- D’argent à trois pins arrachés de sinople, posés deux et un.
- Country: France
- Current region: Brittany
- Founder: Mathurin du Bouëxic
- Motto: Hoc Tegmine Tutus.

= Du Bouëxic family =

Family of the French nobility

The du Bouëxic family is a French noble family, originating from Brittany in France. There are three branches: de Pinieux, de La Driennais and de Guichen, all of which are still represented.

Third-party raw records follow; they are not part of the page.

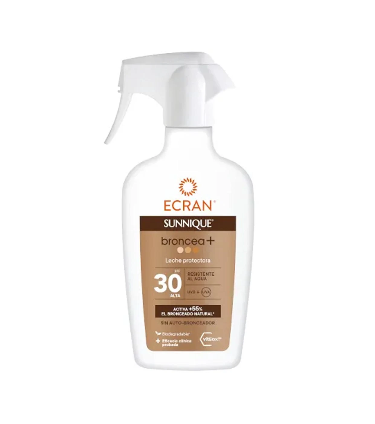 Le lait protecteur Ecran renforce la mélanine naturelle et laisse un bronzage naturel et uniforme.
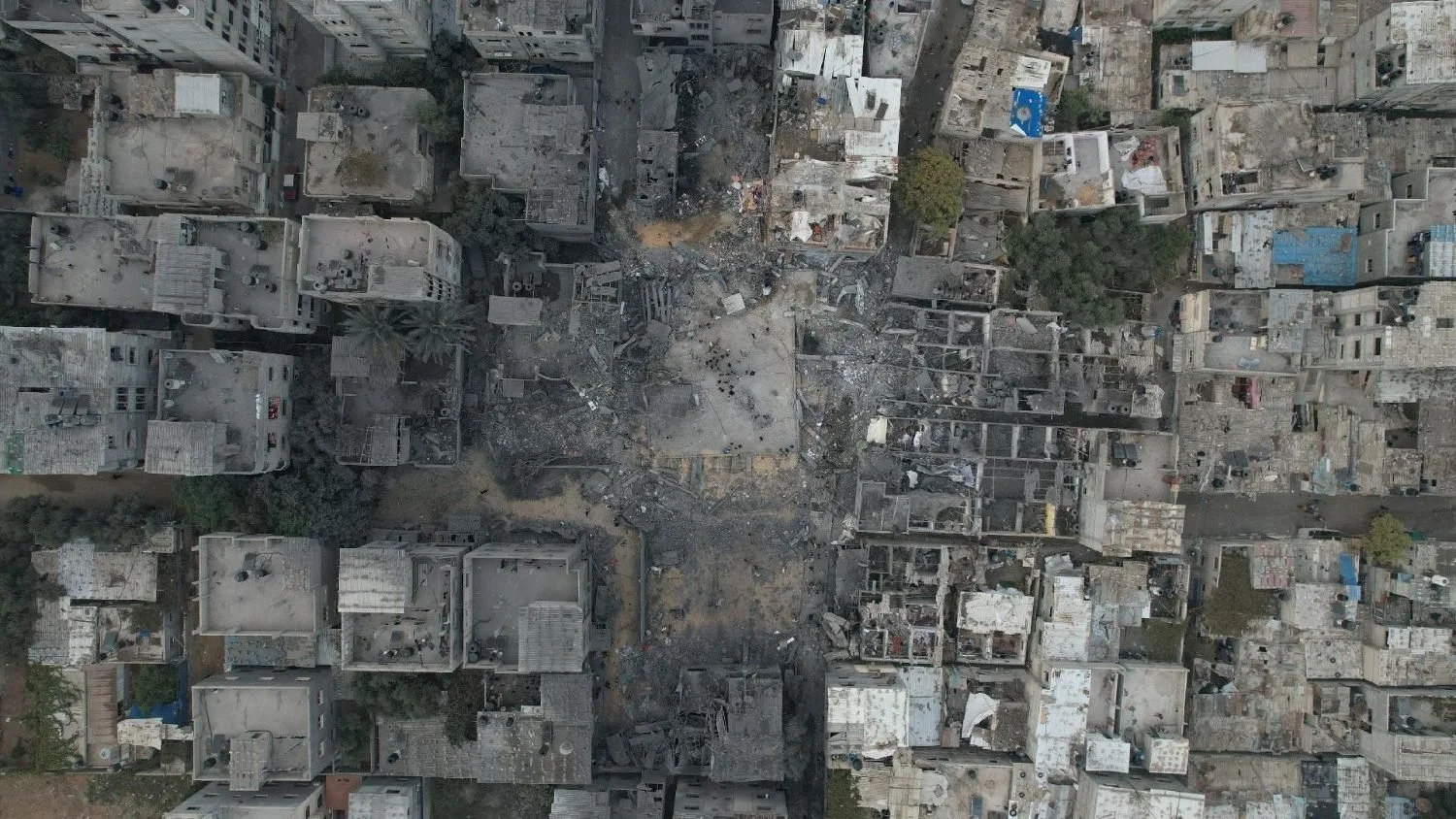 A view of the remains of a mosque and houses destroyed by [Israeli] strikes in the central Gaza Strip
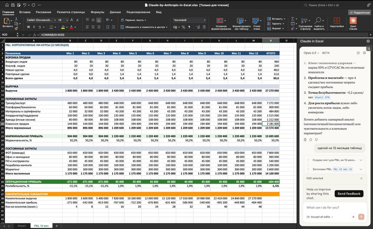 Сегодня вышло расширение Claude для Excel для подписчиков тарифа Pro. Я затестил - и, честно, у меня зрачки расширились от того, как он создаёт таблицы и делает сложные расчёты, создаёт новые листы, выравнивает колонки и так далее. Моя ставка была, что это произойдёт в ближайшие три месяца. А произошло буквально на днях. При установке есть небольшие сложности - но ниже расскажу, как их обойти. Они запартнёрились с Microsoft, поэтому в процессе подключения может потребоваться вход в учётную запись Microsoft (формата “work or school”). Если у вас такой учётки нет, на этом месте многие «застревают» - я тоже сначала не понял, что делать. Полез искать: находил в основном платные варианты, потом натыкался на локальные решения, но с ними есть риск, что они не пройдут проверку. В итоге нашёл простой рабочий путь через создание почты в экосистеме Microsoft. Всё. Вы в матрице 🙂 Теперь в вашем Excel встроен ИИ. Он находится в окошке справа: пишите ему, что хотите сделать - и он сделает. Модель я
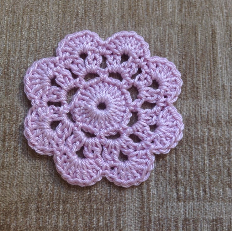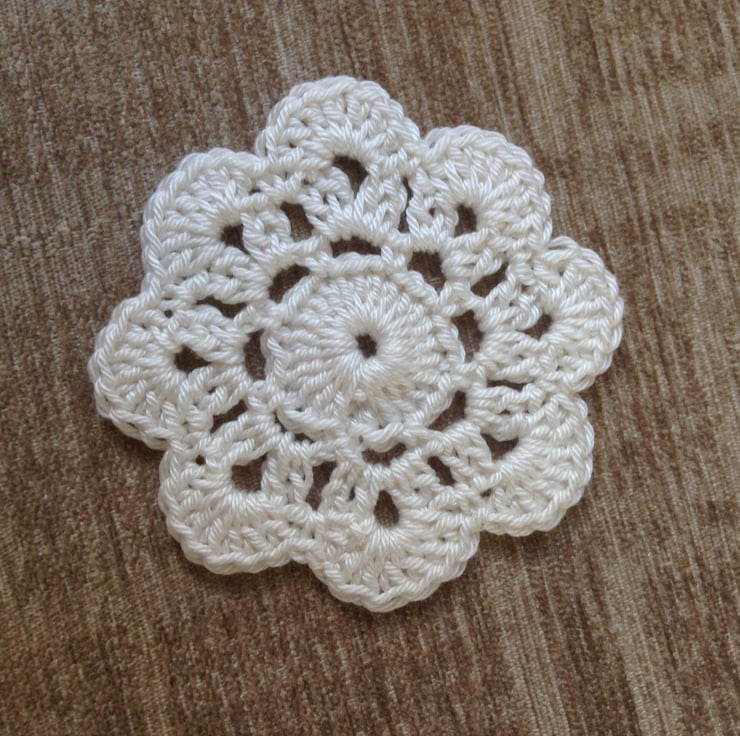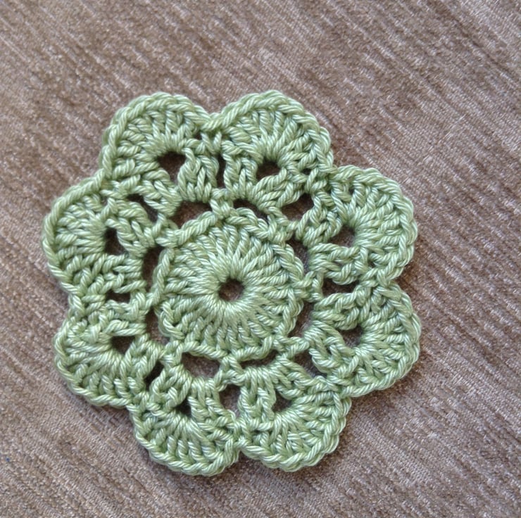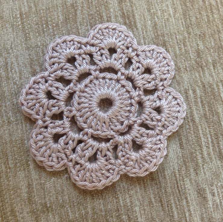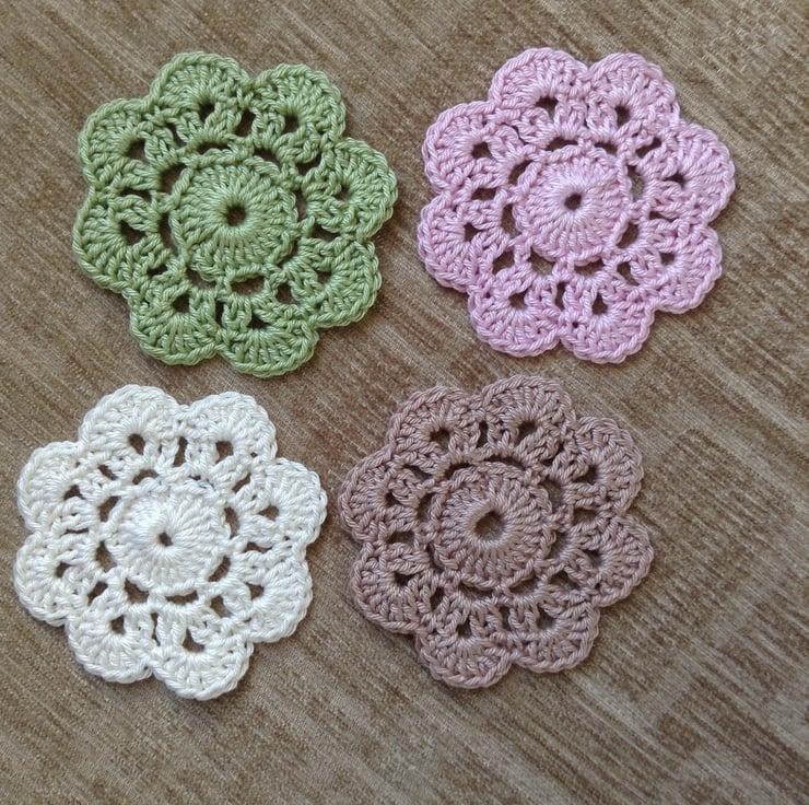 Set of 4 flower coasters crocheted in coffee,cream,pink and green.
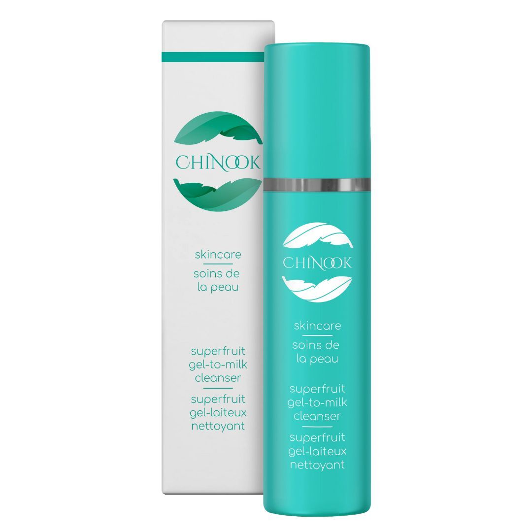 Chinook Superfruit Gel-to-Milk Cleanser is step 1 of 2 in our simple 2-step skincare routine.
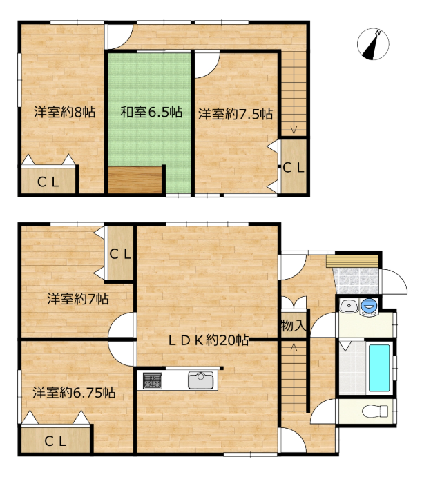 | 間取内訳 | 1階:LDK20帖、洋7帖、洋6.75帖 2階:洋8帖、洋7.5帖、和6.5帖 | |||

It became famous with Luc Urbain du Bouëxic de Guichen, lieutenant general of the naval armies, grand croix of Saint Louis, knight of the Order of the Holy Spirit and commander of the Navy in Brest, and Charles Auguste du Bouëxic de Pinieux, deputy of Eure-et-Loir.

==History==

The du Bouëxic family originated from Brittany, where it owned the land of La Chapelle-Bouëxic, from which it takes its name.

Its cradle is the Baron manor house in Lohéac, which it owned in the 16th century.

Its lineage goes back to Mathurin du Bouëxic, who lived in the 16th century.

Guillaume, seigneur of La Driennais, was confirmed as a noble in Brittany on 29 January 1635. Louis de Bouëxic, seigneur of La Chapelle-Bouëxic, was maintained noble in Brittany on 10 November 1668.

Arnaud Clément writes in La noblesse française that the du Bouëxic family obtained letters patent confirming their nobility in 1626, and that they were maintained as nobles in 1668.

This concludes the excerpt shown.